Everything in the data must be repeated exactly, apart from the pictures, which are left out.

━━ Available data

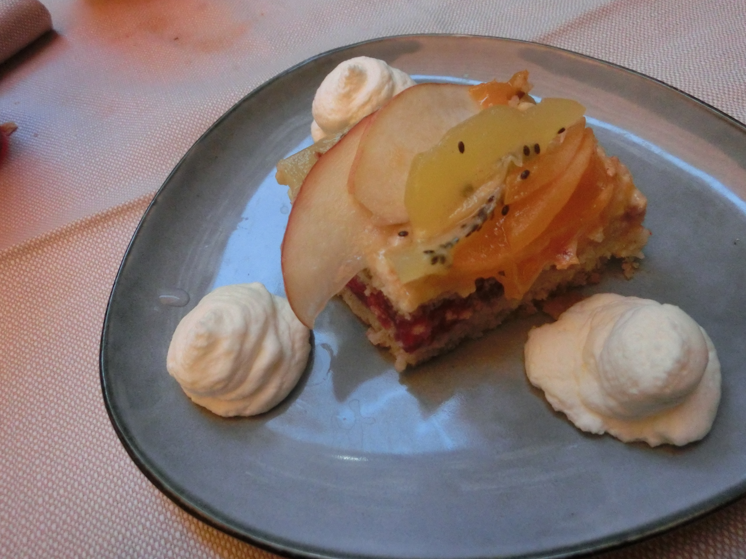 でもせっかくの外食なので、デザートも。自家製デザートはどれも甘さ控えめで、私のフルーツタルト、ダンナのリコッタのムース、次男のチョコレートムースも美味しかったです。価格はリゾート地という事もあり、我が家の平均外食価格よりはやや高め。水、3皿、デザート3皿、カッフェ2杯で約80ユーロでした。
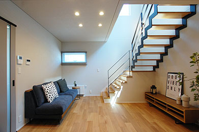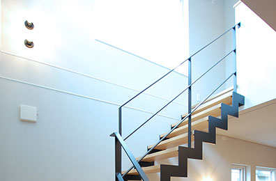 吹き抜けと階段配置で、
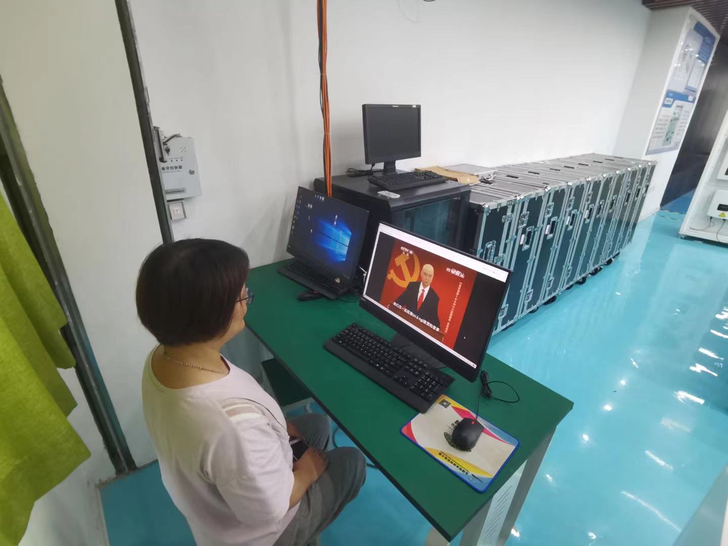 7月30日,信息工程学院党总支开展“党员干部党史学习教育日”,全体党员同志参观马克思主义学院智慧思政情境实训室,重温入党誓词,在线开展党史学习教育。
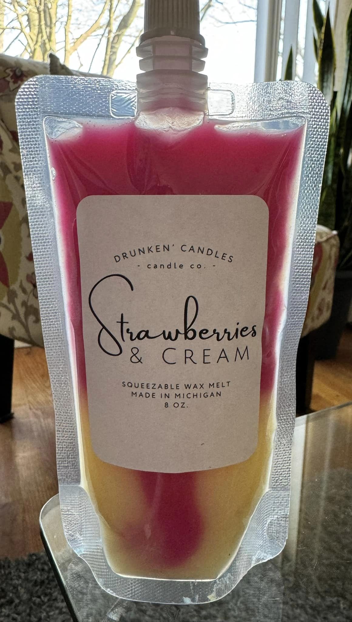 Highly fragrant squeezable wax melt! Smells just like straweberries and cream! Just squeeze into your favorite wax warmer, and enjoy the sweet smell of strawberries and buttercream!
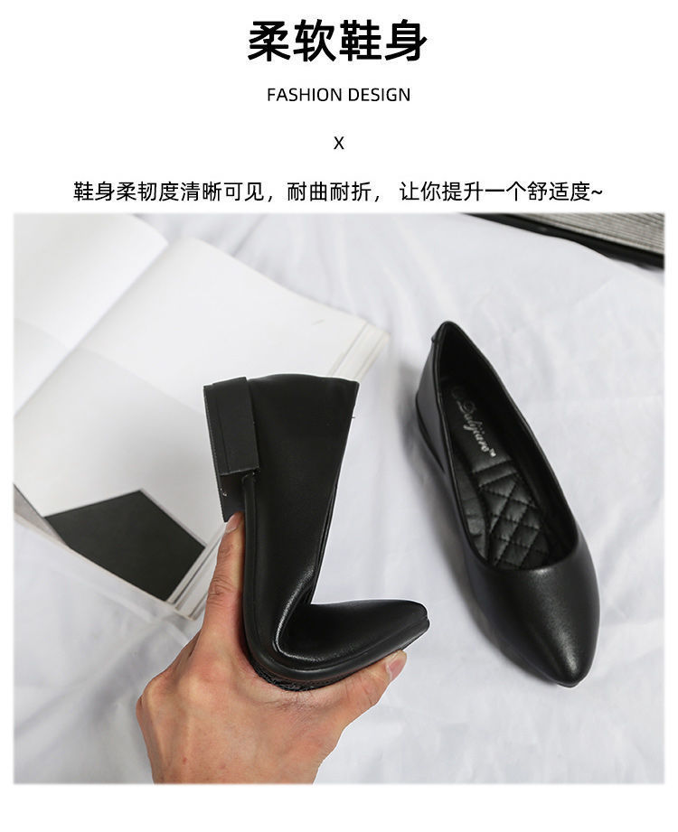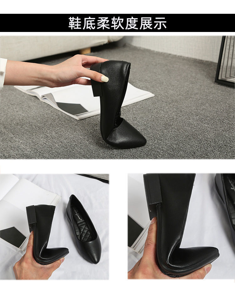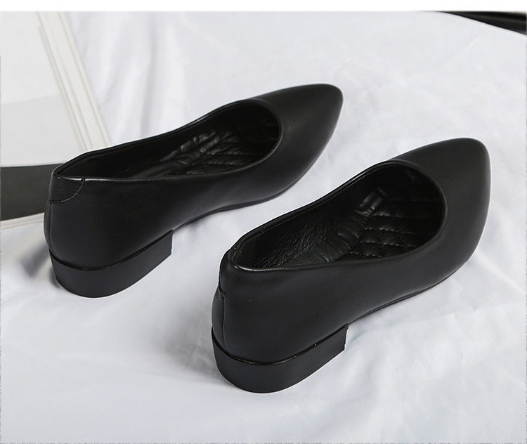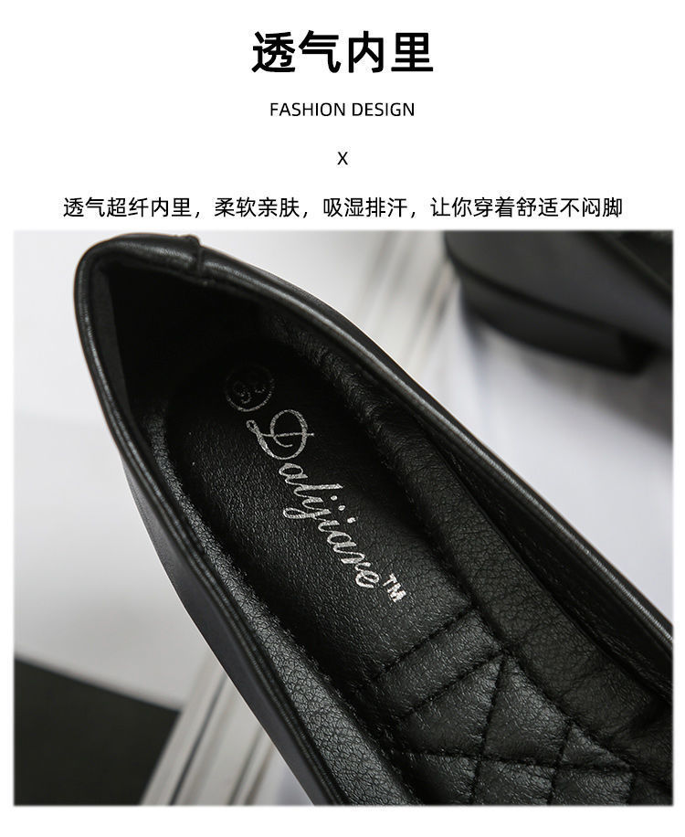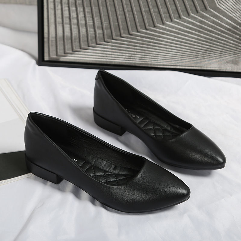 미끄럼 방지 플랫 슈즈 여성용 여름 두꺼운 굽 얕은 입 봄과 가을 새로운 뾰족한 낮은 굽 부드러운 가죽 작업 신발스토어 가기
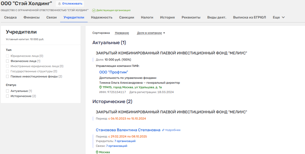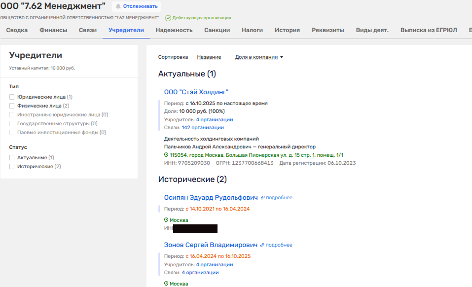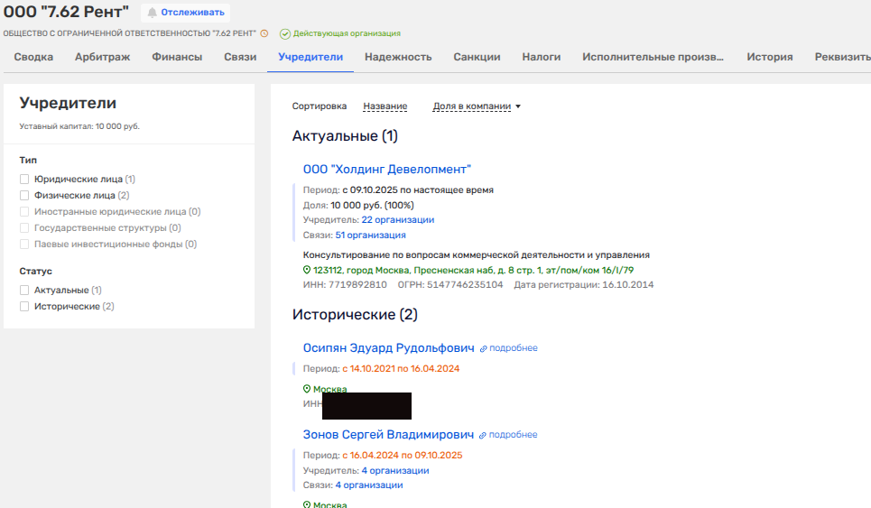 В феврале 2025 года ООО «7.62 Рент» также приобретает ООО «Надус» из сферы техобслуживания автомобилей. Видимо, в тех самых гаражах, купленных ранее.
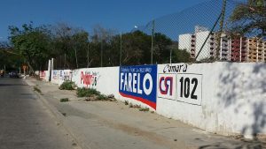 El emblemático Estadio Eduardo Santos que albergó por años al equipo Unión Magdalena, hoy parece el mural de los avisos de las actuales campañas políticas. Los colores de los avisos que ensombrecen el estadio, se convierten en contaminación visual para los samarios y visitantes de este territorio, además de una clara violación del Decreto 025 del pasado 22 de enero, que regula este tipo de publicidad.
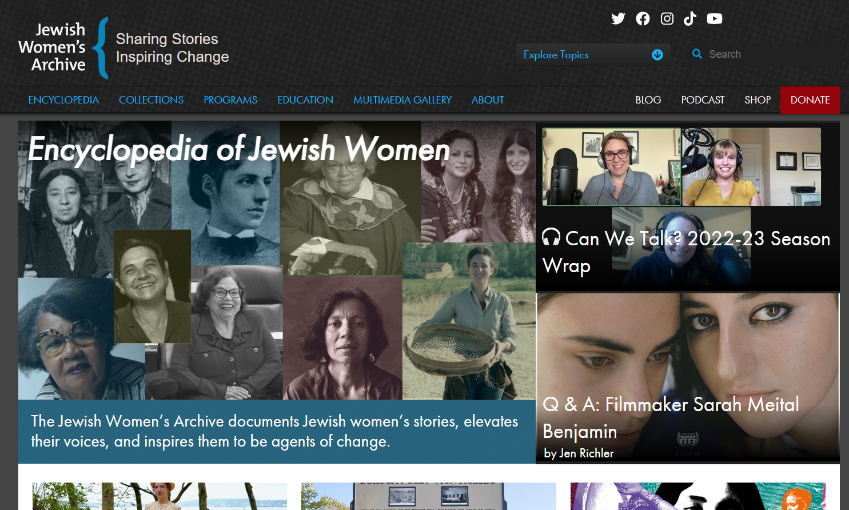 "The Jewish Women's Archive는 유태인 여성의 특별한 이야기를 수집하고 홍보하는 데 전념하는 국제 조직입니다. JWA는 우리 시대의 시급한 문제를 이해하기 위한 틀로써 과거를 탐구합니다. 놀라운 역할 모델로 젊은이들에게 영감을 줍니다. 그리고 유대인 여성의 이야기를 사용하여 사람들이 자신을 변화의 주체로 보도록 자극합니다.

━━━━

■ Answer to the exercise:
 でもせっかくの外食なので、デザートも。自家製デザートはどれも甘さ控えめで、私のフルーツタルト、ダンナのリコッタのムース、次男のチョコレートムースも美味しかったです。価格はリゾート地という事もあり、我が家の平均外食価格よりはやや高め。水、3皿、デザート3皿、カッフェ2杯で約80ユーロでした。
 吹き抜けと階段配置で、
 7月30日,信息工程学院党总支开展“党员干部党史学习教育日”,全体党员同志参观马克思主义学院智慧思政情境实训室,重温入党誓词,在线开展党史学习教育。
 Highly fragrant squeezable wax melt! Smells just like straweberries and cream! Just squeeze into your favorite wax warmer, and enjoy the sweet smell of strawberries and buttercream!
 미끄럼 방지 플랫 슈즈 여성용 여름 두꺼운 굽 얕은 입 봄과 가을 새로운 뾰족한 낮은 굽 부드러운 가죽 작업 신발스토어 가기
 В феврале 2025 года ООО «7.62 Рент» также приобретает ООО «Надус» из сферы техобслуживания автомобилей. Видимо, в тех самых гаражах, купленных ранее.
 El emblemático Estadio Eduardo Santos que albergó por años al equipo Unión Magdalena, hoy parece el mural de los avisos de las actuales campañas políticas. Los colores de los avisos que ensombrecen el estadio, se convierten en contaminación visual para los samarios y visitantes de este territorio, además de una clara violación del Decreto 025 del pasado 22 de enero, que regula este tipo de publicidad.
 "The Jewish Women's Archive는 유태인 여성의 특별한 이야기를 수집하고 홍보하는 데 전념하는 국제 조직입니다. JWA는 우리 시대의 시급한 문제를 이해하기 위한 틀로써 과거를 탐구합니다. 놀라운 역할 모델로 젊은이들에게 영감을 줍니다. 그리고 유대인 여성의 이야기를 사용하여 사람들이 자신을 변화의 주체로 보도록 자극합니다.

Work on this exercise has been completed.